## Task objective
With the pictures omitted, transcribe each line below exactly as it is.

## Collection entries
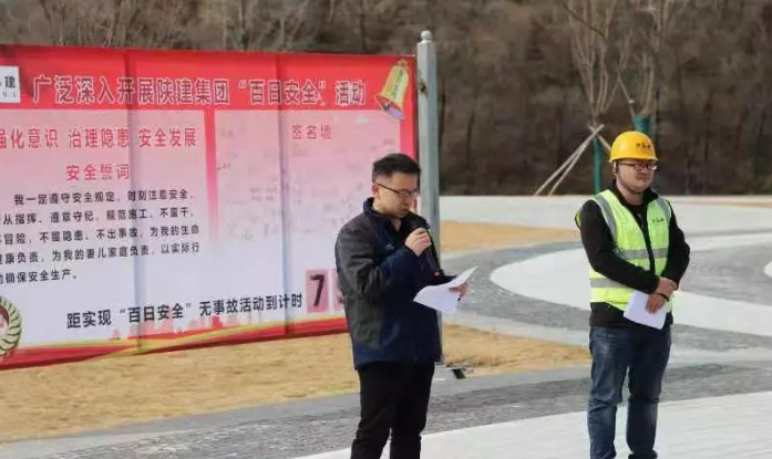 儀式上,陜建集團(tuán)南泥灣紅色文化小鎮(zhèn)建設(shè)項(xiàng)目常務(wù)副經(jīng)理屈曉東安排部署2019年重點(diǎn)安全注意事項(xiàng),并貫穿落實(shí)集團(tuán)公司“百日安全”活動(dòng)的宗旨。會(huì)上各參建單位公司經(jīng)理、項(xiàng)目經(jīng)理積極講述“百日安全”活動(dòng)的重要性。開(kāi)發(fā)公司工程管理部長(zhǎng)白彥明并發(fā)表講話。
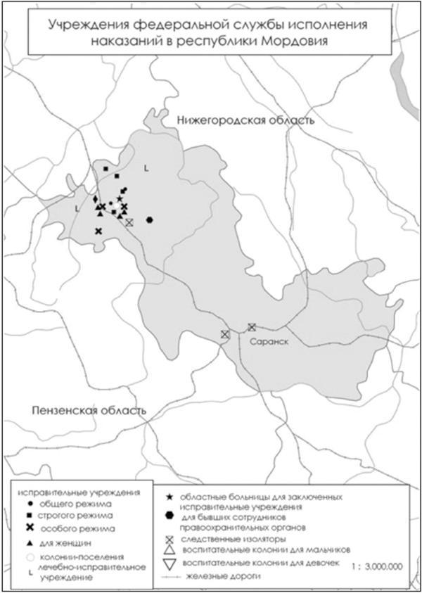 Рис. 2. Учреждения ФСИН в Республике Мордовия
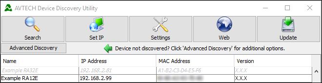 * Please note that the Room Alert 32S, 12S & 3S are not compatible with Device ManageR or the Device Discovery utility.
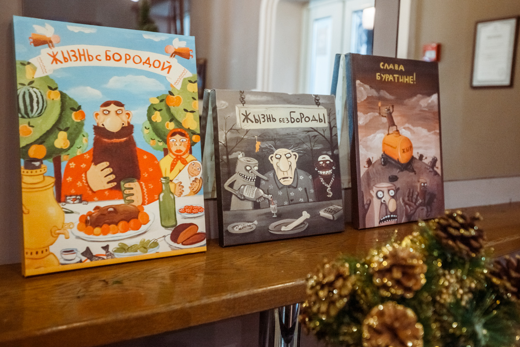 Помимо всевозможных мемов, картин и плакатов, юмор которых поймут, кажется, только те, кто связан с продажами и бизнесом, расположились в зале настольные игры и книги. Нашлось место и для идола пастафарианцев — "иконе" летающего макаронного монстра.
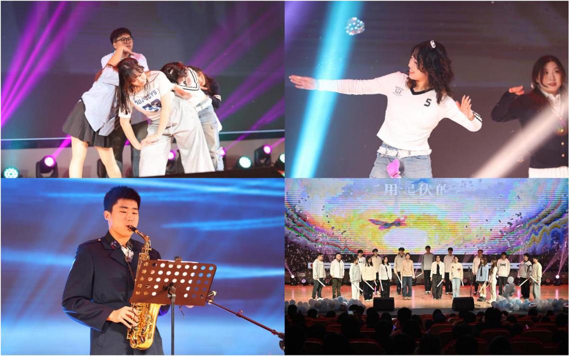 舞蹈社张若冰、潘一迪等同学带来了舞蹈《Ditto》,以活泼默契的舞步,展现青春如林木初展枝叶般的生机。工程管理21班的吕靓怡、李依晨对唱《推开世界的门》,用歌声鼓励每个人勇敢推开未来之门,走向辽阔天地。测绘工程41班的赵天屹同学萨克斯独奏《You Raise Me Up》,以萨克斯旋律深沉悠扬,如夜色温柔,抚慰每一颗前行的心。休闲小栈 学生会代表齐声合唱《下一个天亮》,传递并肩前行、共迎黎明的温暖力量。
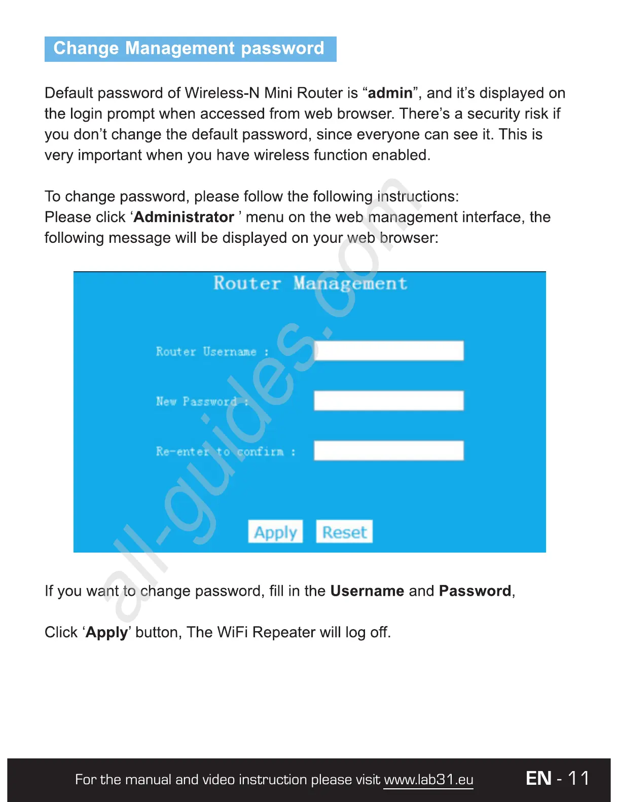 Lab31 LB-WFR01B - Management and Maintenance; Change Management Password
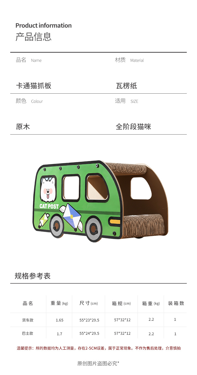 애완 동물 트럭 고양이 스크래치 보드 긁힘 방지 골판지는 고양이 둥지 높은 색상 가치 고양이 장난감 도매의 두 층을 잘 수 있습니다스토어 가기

## Response to this exercise
 儀式上,陜建集團(tuán)南泥灣紅色文化小鎮(zhèn)建設(shè)項(xiàng)目常務(wù)副經(jīng)理屈曉東安排部署2019年重點(diǎn)安全注意事項(xiàng),并貫穿落實(shí)集團(tuán)公司“百日安全”活動(dòng)的宗旨。會(huì)上各參建單位公司經(jīng)理、項(xiàng)目經(jīng)理積極講述“百日安全”活動(dòng)的重要性。開(kāi)發(fā)公司工程管理部長(zhǎng)白彥明并發(fā)表講話。
 Рис. 2. Учреждения ФСИН в Республике Мордовия
 * Please note that the Room Alert 32S, 12S & 3S are not compatible with Device ManageR or the Device Discovery utility.
 Помимо всевозможных мемов, картин и плакатов, юмор которых поймут, кажется, только те, кто связан с продажами и бизнесом, расположились в зале настольные игры и книги. Нашлось место и для идола пастафарианцев — "иконе" летающего макаронного монстра.
 舞蹈社张若冰、潘一迪等同学带来了舞蹈《Ditto》,以活泼默契的舞步,展现青春如林木初展枝叶般的生机。工程管理21班的吕靓怡、李依晨对唱《推开世界的门》,用歌声鼓励每个人勇敢推开未来之门,走向辽阔天地。测绘工程41班的赵天屹同学萨克斯独奏《You Raise Me Up》,以萨克斯旋律深沉悠扬,如夜色温柔,抚慰每一颗前行的心。休闲小栈 学生会代表齐声合唱《下一个天亮》,传递并肩前行、共迎黎明的温暖力量。
 Lab31 LB-WFR01B - Management and Maintenance; Change Management Password
 애완 동물 트럭 고양이 스크래치 보드 긁힘 방지 골판지는 고양이 둥지 높은 색상 가치 고양이 장난감 도매의 두 층을 잘 수 있습니다스토어 가기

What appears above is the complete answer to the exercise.